Asia’s real economic crisis is a disastrous financial and economic contraction. We project a significant collapse in private consumption and investment in several of these economies because, for several reasons, foreign capital has been pulled out of the region, starting in Thailand and accelerating regionally through 1997.

This financial capital did not evaporate but has relocated to the industrialized economies, particularly the United States. Our research suggests that this U.S. capital inflows have pushed down long-term real interest rates and stimulated private investment—while increasing demand for non-traded goods and services like real estate, construction and financial services.

That’s not to say U.S. exports won’t suffer a direct hit in terms of demand. They will. They’ll also become less competitive in other markets against relatively cheap exports coming from troubled Asian economies. To that extent, the traditional models tell part of the story.

But the stimulus to the non-traded part of the economy that comes from stronger investment and more consumption spending should outweigh this negative impact. Our research, soon to be published by Brookings, suggests that U.S. GDP in 1998 could be 0.1% higher than it would have been without the crisis. Our models indicate that U.S. consumption and investment is far more important for U.S. economic growth than net exports.

The flow of capital out of Asia into the United States and the resulting drop in interest rates are more important for the U.S. economy than the loss of competitiveness.

Even in a country like Australia that is more highly integrated with Asia than the United States, the overall losses are far less than most pessimists believe, and for the same reasons. Looking at the Asia crisis in this way, we must rethink a number of assumptions. First, the capital inflow that is stimulating the U.S. economy through lower real interest rates implies a significant increase in the U.S. current account deficit—by up to $80 billion through 1998, we estimate. With President Clinton and Congress in ecstasy over expected overall budget surpluses, this widening in the deficit over a number of years must be understood as a crucial part of a successful global adjustment.

While this is bad news for export- and import-competing industries, a rising current account deficit keeps U.S. interest rates down and the economy strong.

More important, this rise allows American industry to sustain the current boom with a bolstered supply side. And through strong exports to non-Asian consumers, Asian GDPs are buffered against a collapse in consumption and investment.

An additional safeguard for the Asian economies would be allowing standard fiscal stabilizers. These are automatic changes in fiscal policies that counteract changes in economic activity.

For example, when economic activity slows, a wider fiscal deficit helps maintain demand. The problem for economies such as Thailand, South Korea and Indonesia is that the IMF programs in place in these economies remove this stabilizing factor by contracting fiscal policy even as economic activity declines.

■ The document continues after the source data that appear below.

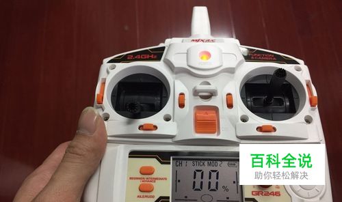 这个时候我们就要在遥控器的左边的操纵杆上下搜索信号,如果出现上面的指示灯和下面的显示屏出现%的时候就是连接上了。
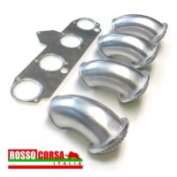 Tromboncini curvi in alluminio, per carburatori Weber DCOE 40 o Dellorto DHLA 40. Forniti con piastra predisposta per il montaggio su Lancia Fulvia. I trombonci sono ruotabili e regolabili a piacere.
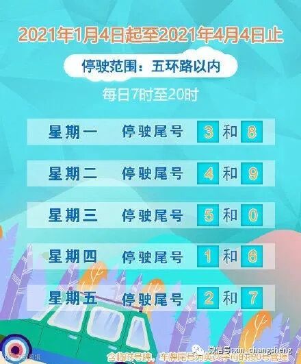 1月4日,北京市将迎来新一轮限行尾号轮换。自2021年1月4日至2021年4月4日,星期一至星期五机动车限行车牌尾号分别为:3和8、4和9、5和0、1和6、2和7。
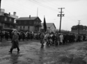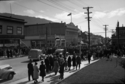 Title: Army Parade on the 300 to 400 Block of 3rd Avenue West at Prince Rupert, B.C. in 1942 Part of: Wrathall Photo Finishing Ltd. fonds Level: Item Date: 1942 Physical Description: ["1 nitrate negative : b&w ; 9.5 x 14 cm (referred to as copy 1)", "1 photograph : b&w ; 21 x 26 cm (referred to as copy 2)"] Description: Item consists of crowds lined along the sidewalks watching an army parade on the 300 to 400 Block of 3rd Avenue West. The view includes Linzey & Ingram Ltd., Overwaitea Foods, The Empire Newspaper, the Chris Mill Bakery, McRae Brothers, the Moose Hall, and 4th Avenue West above. Handwritten » View details and larger image |
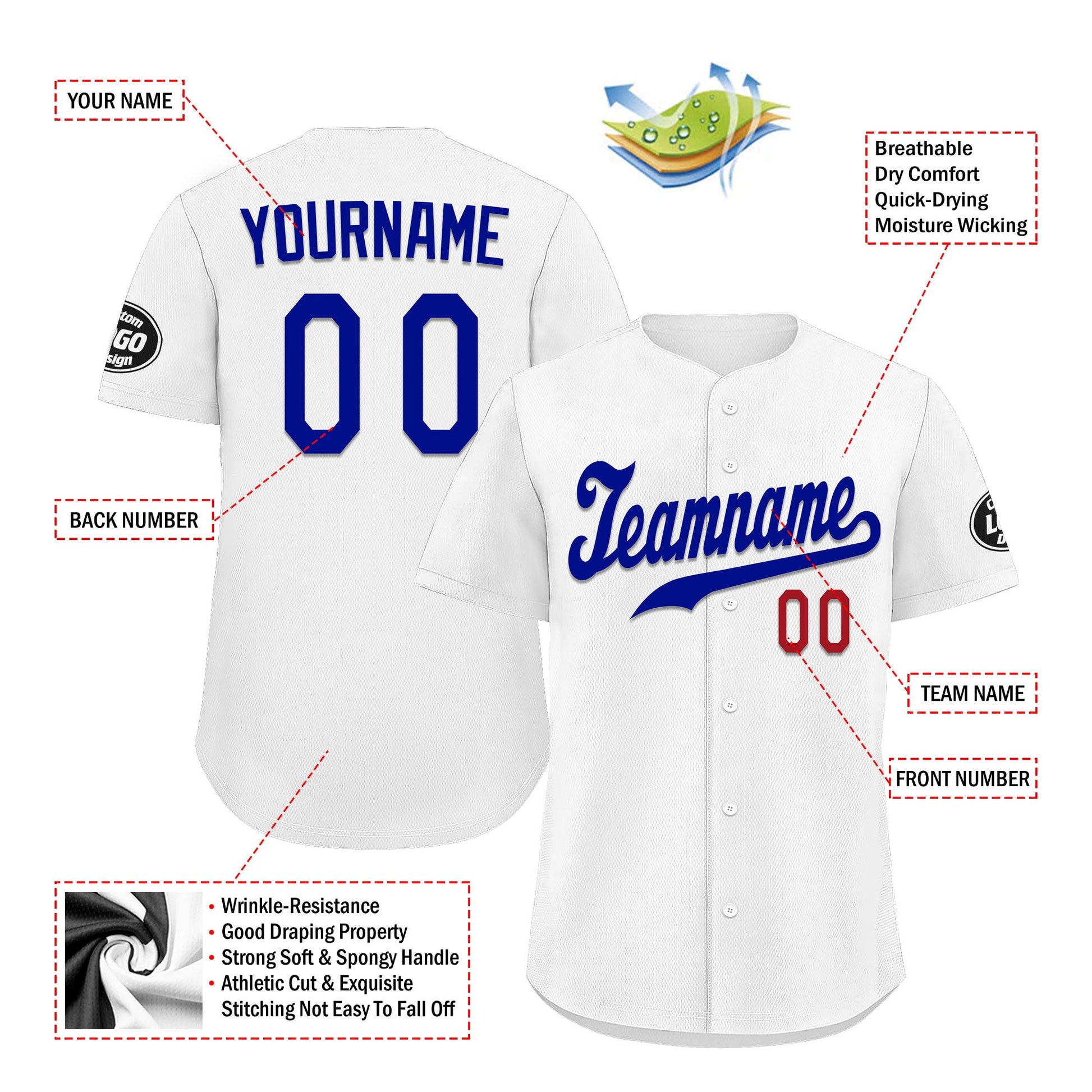 Each CCJ tailored baseball jersey is meticulously personalized with the following features:
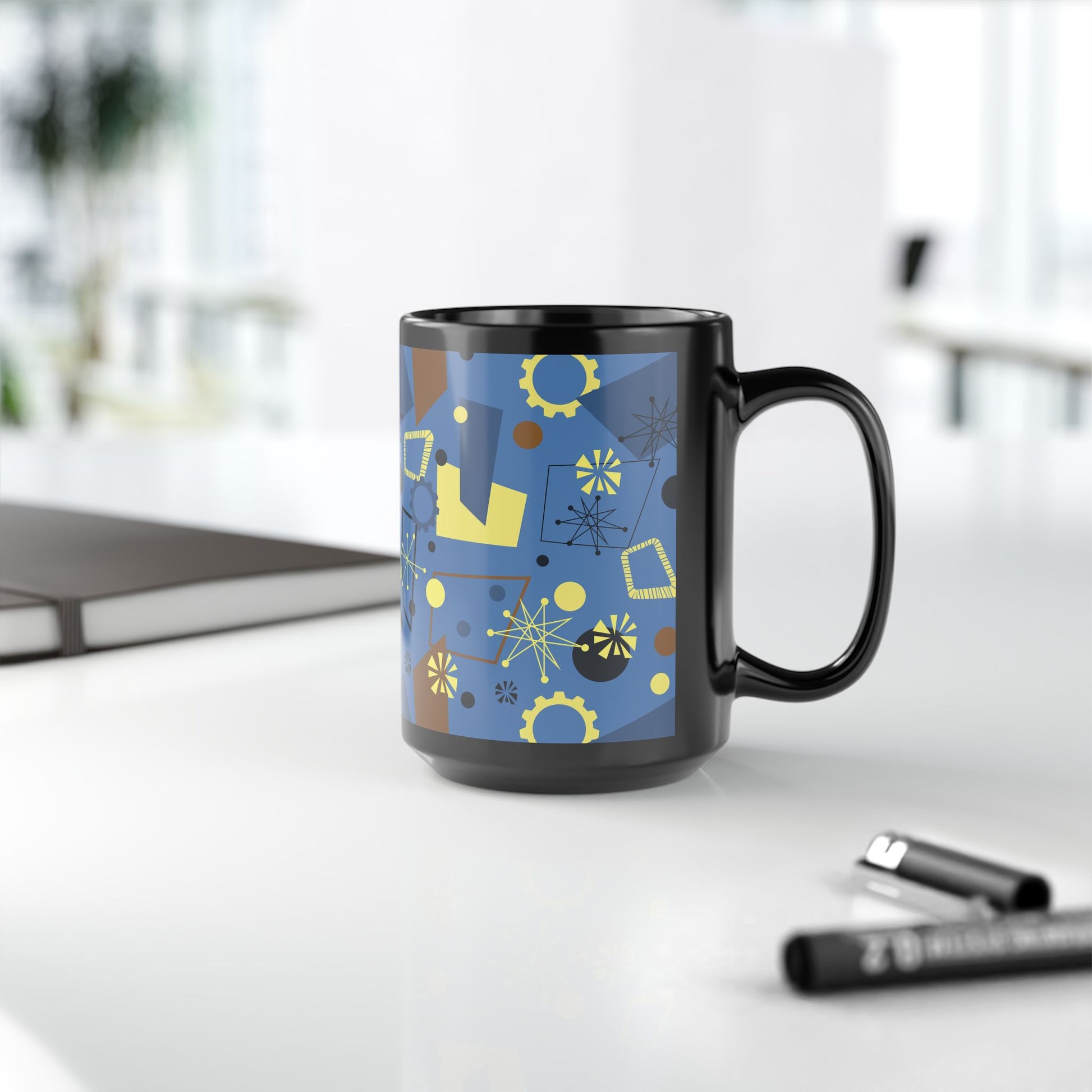 A glossy black ceramic mug wrapped in a playful mid-century modern pattern. Deep navy-blue background with mustard-yellow, teal, rust, and black geometric shapes — starbursts, gears, squares and dots — creates a lively, retro-lounge vibe. The interior and C-shaped handle are black for a seamless, sophisticated look. Durable glazing keeps the colors vivid through everyday use while smoothing the surface for comfortable sipping. Use it for morning coffee, late-night tea, or as a cheerful desktop catchall—this mug brings a bit of vintage design energy to daily routines and small moments of focus.
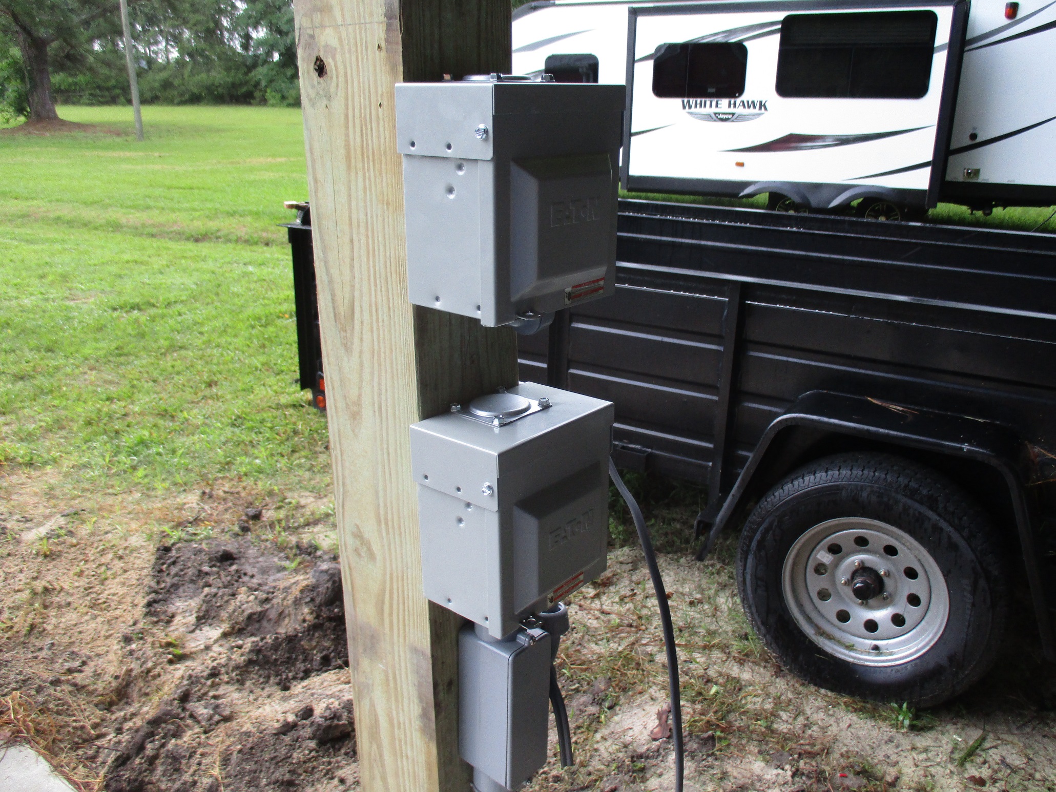 Day before yesterday a new Ez-Up awing was delivered, and I took a few minutes to unpack it and set it up over the van. The instructions kept referring to a partner to set the thing up, but by making lots of trips between the four legs I finally got the thing together and the top on. Really made a difference in how warm it was working inside. It was also pretty easy to move around, but again I had to make a lot of trips to move one let a foot or two at a time. The nice thing was it was really quick to take down, and the wheeled carry bag makes moving the thing to storage easy, too.
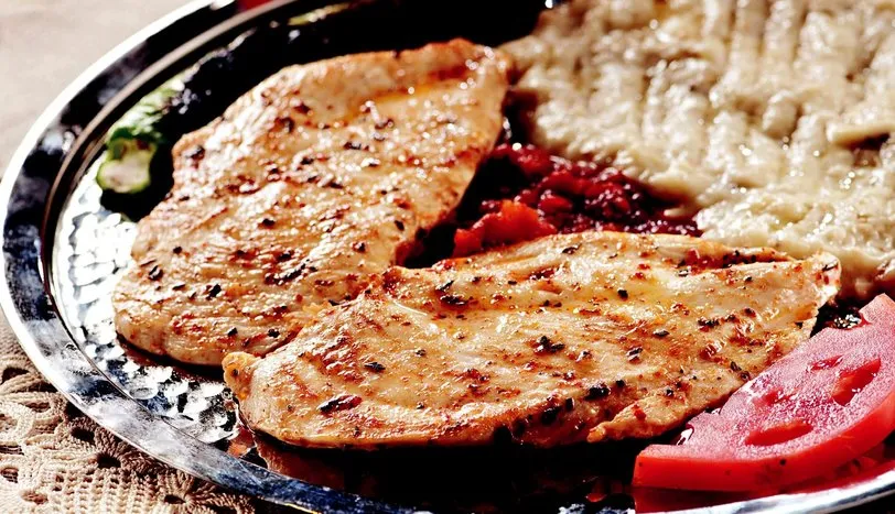 Begendili Tavuk Kulbasti Taze Baharatlarla Marine Edilmis Tavuk Yaninda Patlican Begendi Izgara Domates Ve Biber Ile Yemek Tarifleri Yemek Yiyecek Ve Icecek

The only safety valve remaining is the strong export surge caused by the exchange rate depreciation.

Without overseas markets, the productive capacity of a number of these economies could collapse, and that would have serious ramifications for U.S. political interests in Asia for years to come.

Warwick J. McKibbin is a Senior Fellow at the Brookings Institution in Washington, D.C., and economics department chairman in the Research School of Pacific and Asian Studies at the Australian National University.